Silvia Lucciarini is Assistant Professor in Economic Sociology at the Department of Social and Economic Science, at La Sapienza of Rome and a member of the Centre of Government Reform. She has a Phd in Public and Urban Policy where she developed a deep interest in urban ethnic settlements, consolidated by a Visiting Fellowship in New York City, at CUNY Graduate Center. Her main research interests are territorial analysis focusing on immigration, flexibility, labour market and social inclusion.
She is involved in research projects, both national and international, on territorial social cohesion and shrinking cities. The main findings on urban immigration are collected in Immigration and Cities (2011). She is developing a strong interest on the connection between sprawl and local labour markets.

Azzurra Muzzonigro is an architect and doctoral student in territorial policy at Roma Tre. She completed the Masters in Urban and Building design at the Bartlett. Her architecture thesis involved an experimental house in assisted self-construction at the Roma Camp in Rome Casilino 900. This experimental housing prototype showed that sustainable eco housing which meets housing standards and building regulations is possible. Inaugurated in July, the house was burned down by unknown assailants in December. As an architect Azzurra is interested in community participation in the active transformation of social relations and urban spaces.

Giorgio Piccinato is Emeritus Professor of Urbanism at Roma Tre, Past president of the Association of European Schools of Planning, and a consultant to the United Nations and the European Union. Among his publications: La costruzione dell'urbanistica. Germania 1870-1914 (The construction of planning.
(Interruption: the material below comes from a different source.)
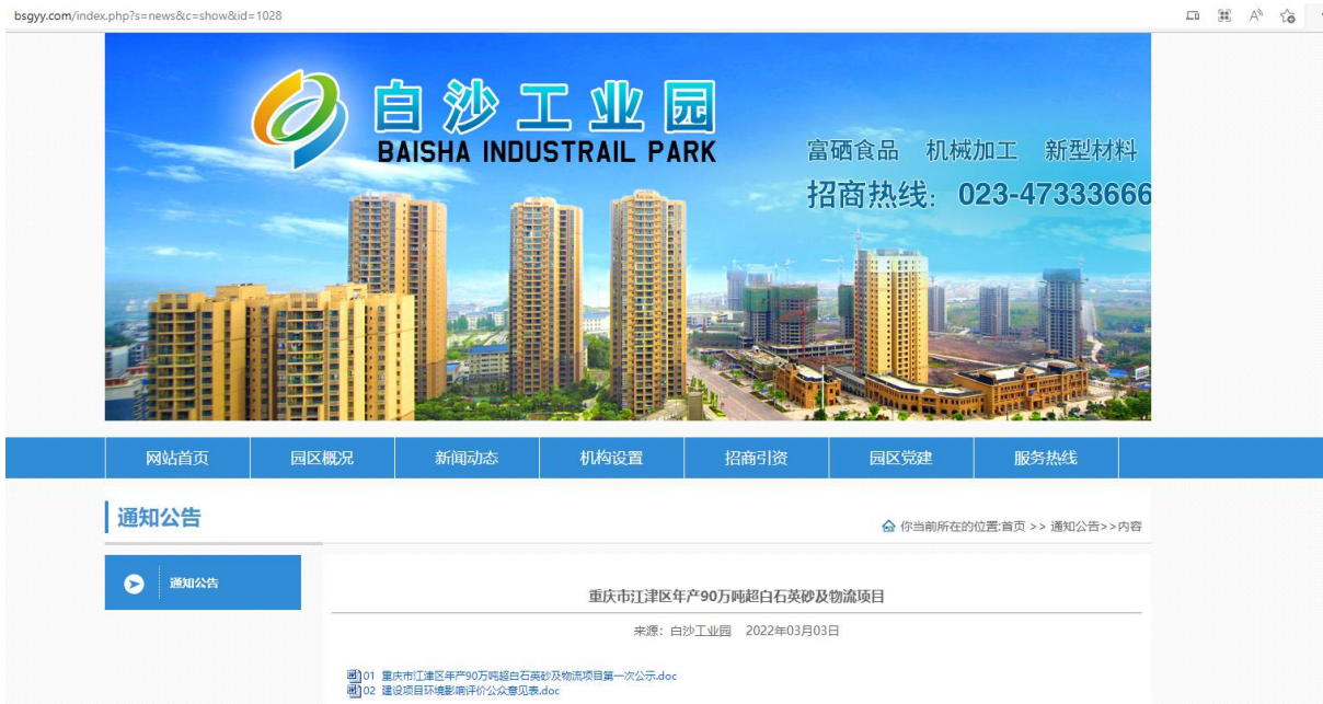
图 2-1 公众参与第一次网络公示页面截图

Germany 1870-1914, Rome 1974, Wiesbaden 1983 and Barcelona 1993); Un mondo di città (A world of cities), Torino 2002 and Caracas 2007; Atlas de Centros Históricos do Brasil, editor (Rio de Janeiro, 2007); Fermoimmagine. Studio sulla felicità urbana, editor (Macerata, 2008). His current research centres on the future of cities and the use of urban heritage.

Davide Spina is a student of the Architectural History MA at the Bartlett. He is currently writing a dissertation on post-war Italian architecture under the supervision of Professor Adrian Forty. He graduated from Roma Tre with a BSc in Architectural Studies.

Programme:

Morning Session Chair: Lesley Caldwell (UCL)

10.00 - 11.15 - Regeneration. The recent history of a concept.

Italy/Rome. Paola Briati, (Bartlett)
London. Martine Drozdz (LSE/Lyon) - Urban regeneration in England: towards a reassessment of a contested policy.

11.15. 11.45 - Coffee

11.45- 1.00 - The early post war years and their later revisitings

Giorgio Piccinato (Roma Tre) - Plans, parties and the 1960 Olympics
Ben Campkin (UCL) - Regeneration ad nauseam: the making and remaking of the Elephant and Castle.
Davide Spina (Bartlett) - Maiden Lane estate: fostering abjection for regeneration.

1.00 - 2.15 - Lunch

Afternoon Session Chair: Fabio Camilletti (Warwick)

2.15 - 3.45 - Recent Developments

Giovanni Caudo (Roma Tre) - Public Housing and Regeneration in Italy.
Michael Edwards (UCL/Bartlett) - Kings Cross: What is Regeneration for?
Simona Lucciarini (Roma Tre) - Esquilino: Regeneration in an Ethnic Neighbourhood.
Azzurra Muzzonigro (LAC/Roma Tre) - Porto Fluviale: an Odyssey for Home.

4.00 - 5.15 - Open discussion

Regeneration and its links with Roman Modernities network and with other disciplines.